The Kardar-Parisi-Zhang equation (KPZ equation) is solved via Cole-Hopf transformation $h=logu$, where u is the solution of the multiplicative stochastic heat equation(SHE). In [CD20, CSZ20, G20], they consider the solution of two dimensional KPZ equation via the solution $u_{\mathit{\epsilon }}$ of SHE with the flat initial condition and with noise which is mollified in space on scale in ε and its strength is weakened as ${\mathit{\beta }}_{\mathit{\epsilon }}=\hat{\mathit{\beta }}\sqrt{\frac{2\mathrm{\pi }}{-log\mathit{\epsilon }}}$, and they prove that when $\hat{\mathit{\beta }}\in (0,1)$, $\frac{1}{{\mathit{\beta }}_{\mathit{\epsilon }}}(log{u}_{\mathit{\epsilon }}-\mathbb{E}[log{u}_{\mathit{\epsilon }}])$ converges in distribution as a random field to a solution of Edwards-Wilkinson equation.
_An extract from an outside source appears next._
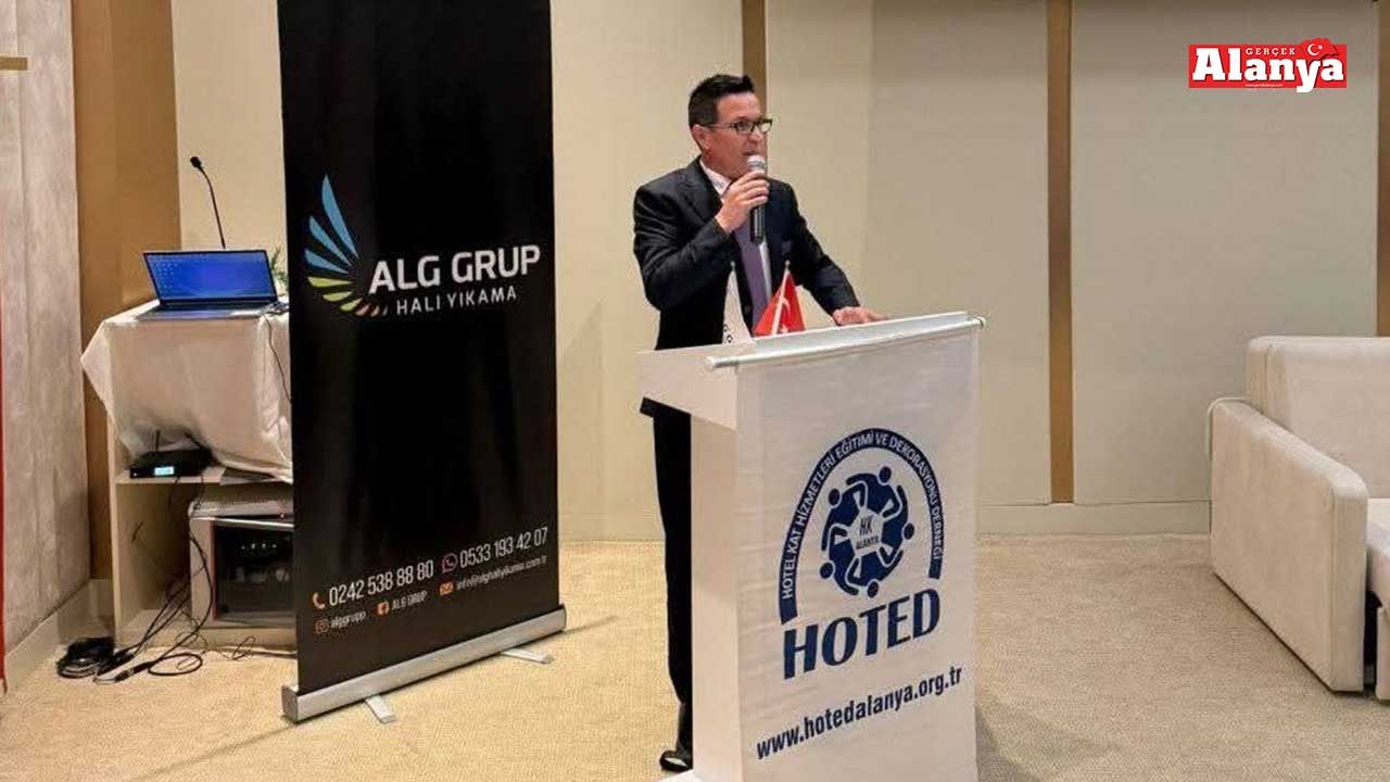 Hotel Kat Hizmetleri Eğitimi ve Dekorasyonu Derneği’nin (HOTED) eğitim seminerleri devam ediyor. HOTED 170’inci seminerini ALG Grup – Alanya Halı Yıkama firmasının destek ve katkılarıyla Serenity Queen Hotel’in ev sahipliğinde gerçekleştirdi. ‘Otellerde Profesyonel Halı, Koltuk ve Yatak Temizliği’ konulu eğitim semineri HOTED üyeleri tarafından büyük ilgi gördü. Dernek başkanı Sevgi Topuzel’in ALG Halı Yıkama firması yetkilileri ve Serenity Queen Hotel yönetimine teşekkür etmesiyle başlayan seminer, ALG Halı ve Koltuk Yıkama Fabrikası Yönetim Kurulu Başkanı Levend Geldi’nin sunumuyla otellerde ve evlerde kullanılan yatak, koltuk ve halı temizliğinde dikkat edilmesi gereken tüm detaylar masaya yatırıldı.

In this paper, we consider a stochastic heat equation $u_{\mathit{\epsilon }}$ with a general initial condition $u_0$ and its transformation $F(u_{\mathit{\epsilon }})$ for F in a class of functions $\mathfrak{F}$, which contains $F(x)=x^p$ ($0<p\le 1$) and $F(x)=logx$. Then, we prove that $\frac{1}{{\mathit{\beta }}_{\mathit{\epsilon }}}(F(u_{\mathit{\epsilon }}(t,\cdot ))-\mathbb{E}[F(u_{\mathit{\epsilon }}(t,\cdot ))])$ converges in distribution as a random field to a centered Gaussian field jointly in finitely many $F\in \mathfrak{F}$, t, and $u_0$. In particular, we show the fluctuations of solutions of stochastic heat equations and KPZ equations jointly converge to solutions of SPDEs which depend on $u_0$.

Our main tools are Itô’s formula, the martingale central limit theorem, and the homogenization argument as in [CNN22]. To this end, we also prove a local limit theorem for the partition function of intermediate disorder $2d$ directed polymers.